From the Writing Desk: What You Should Know About Peer Editing

Peer editing - also referred to as peer-reviewing - is often unavoidable in higher education. Across the different degrees and fields, you will most likely have to edit and/or review someone’s paper before the end of your college career. Back when I was taking freshman writing courses, professors would tell us, “You know how to peer edit! You learned it in high school!” Except, we didn’t. None of us knew what to do. The feedback people gave was vague at best and rude at worst. I grew frustrated with statements like, “I like this!” and “That was garbage.” After three years of discouraging peer review sessions, one professor finally explained how to peer edit properly. At that point, I was in my last term before earning an undergraduate English degree. What I learned about peer-reviewing in that final course felt too little too late. As a Master’s student and writing tutor, I’ve learned even more about effective methods of reviewing and editing the work of other writers. Here’s what I wish I’d been taught about peer editing:

 

Taking Criticism

The first step to giving constructive criticism is knowing that criticism can be difficult to take. Remember that the writer is a person, and while you may both be peer editing as an assignment for class, it’s still important to be kind and understand that words have an impact. Taking criticism - whether it is constructive or not - can be tough. No one wants to hear that something they worked hard on has issues. Whether you’re reading or writing feedback, keep in mind that the exercise of peer editing is beneficial for growing as a student and communicator.

 

What to Look For

When most people start peer editing, they often look for low-hanging fruit like typos and grammatical errors. While this can be helpful in the very final stages of writing, peer editing is more a revision process. As a reviewer, it’s your job to look for issues such as confusing points, a lack of a thesis (the main point), not enough context, and unclear conclusions. The big questions to ask yourself when reviewing is this:

 

Is what the writer is trying to say clear and well-supported?

 

A typo is most likely not going to change the meaning of the entire paper, but a confusing point will. Try to focus on the larger issues instead of the smaller ones. This not only helps the writer improve their own work, but it also helps you practice written analysis, which is a skill useful in many fields!

 

How to Comment

So, you’ve read the paper, and now it’s time to write comments. Remember to keep it constructive, positive, and inquisitive. One of the best ways to add feedback is to form it into questions. Questions show the writer that you have an interest in their topic, and these questions force them to think about what they’re trying to say and how to improve. Another important element to good feedback is removing the personal. My favorite way of doing this is to ask questions in terms of what the paper is doing and not the writer themselves. Let’s look at an example of a common comment and how we can make it more constructive and less aggressive.
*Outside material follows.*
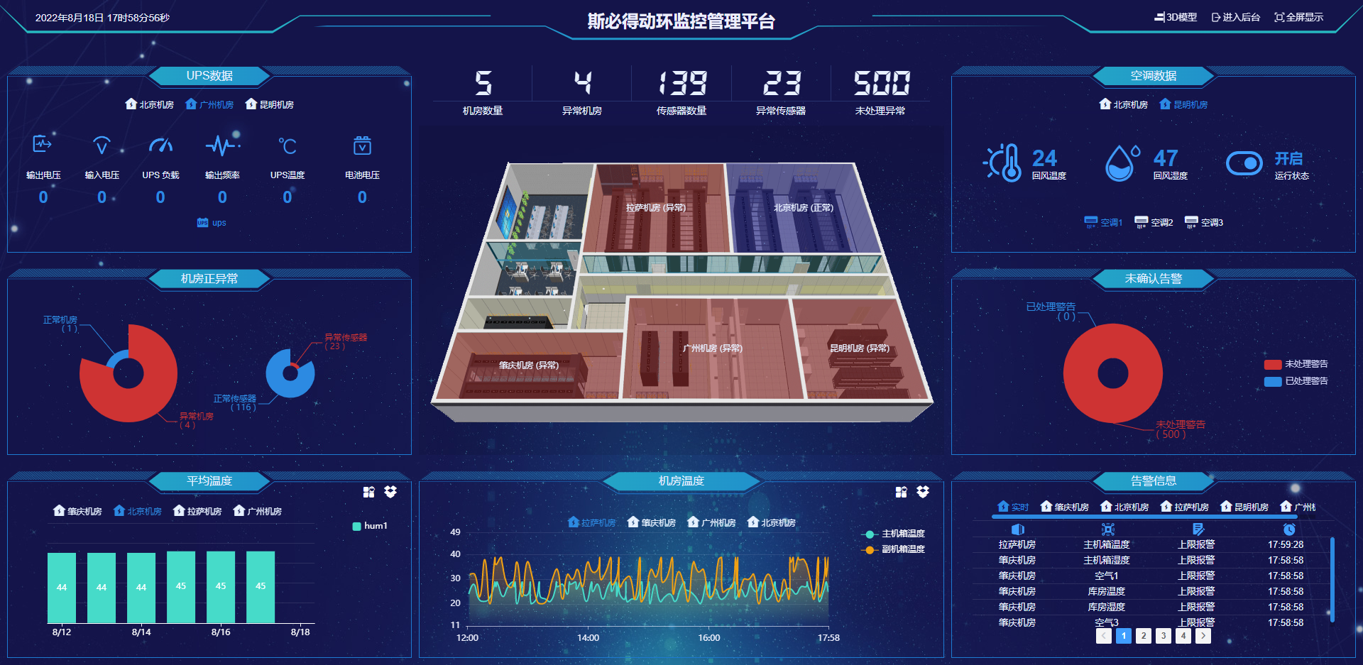 机房动力环境监控系统主要通过对关键动力设备,如UPS电源、发电机、配电柜等,以及环境参数,如温度、湿度、空气质量、水浸等,进行实时监测与记录,确保设施运行的安全与稳定。

                “You don’t have enough details.”

Here’s what you might consider saying instead:

                “Should this paper include more details to help give context for the reader?”

Not only does this revision focus on asking the writer a question about the paper itself, but it also gives a very brief explanation of why they should even care about the suggested edit. Giving context to readers is something most writers want to do!

The wording is also very important. When peer editing, remember that the goal is to improve your communication skills and while practicing analysis. The words you choose can have a major impact on how the writer receives the feedback. 

 

Here are some words to avoid in your comments:

wrong - This word is harsh, sometimes objective, and can be a huge demotivator for writers.

bad - same as above

incorrect - same as above

like - People often say “I like this!” when they don’t have any feedback. If you want to talk about liking something, try this: I like this because... or I thought this worked well because...

dislike - Unless there’s a reason given (I dislike this because...) don’t use this word! It's not usually helpful and tends to be a big demotivator for writers.

interesting - This word is often used as a filler when someone doesn’t know what to say.

boring - This word shows a lack of interest from the editor and demotivates a writer.

 

Now to flip that, here are some words that work fantastically in feedback:

context - A writer needs to know if they’ve included enough background to guide their reader.

because - Always give reasons for your feedback! This word makes it easy to include reasons.

explain(ed) - This shows the writer if they’re giving enough context.

structure(d) - This shows the writer if their content is formatted in a way that makes sense.

confusing - If something doesn’t make sense, this is a good word to use.

(un)clear - This gives the writer an understanding of how much their message is coming across.

concise - This is a good way to let a writer know if something is too long, too short, or just right.

 

Put It on Repeat

Oftentimes, peer editing isn’t just a one-and-done situation. Most likely, you’ll be asked to go through at least two rounds of review. This is to create a dialogue between editor and writer. On the second reading, look for not only sections you commented on earlier but also for finer details. When a writer is working on an edit, make sure to wait for them to finish and return it to you before starting a new edit! I know it’s nice to have projects done quickly, but the revision process can be slow. Remember to communicate with the writer to see when it’s okay to review something!

 

Concluding Remarks

Peer editing isn’t an easy task, but the more you practice, the better you’ll get. Just remember that everyone involved is a person with feelings and motivations, and communication is always key.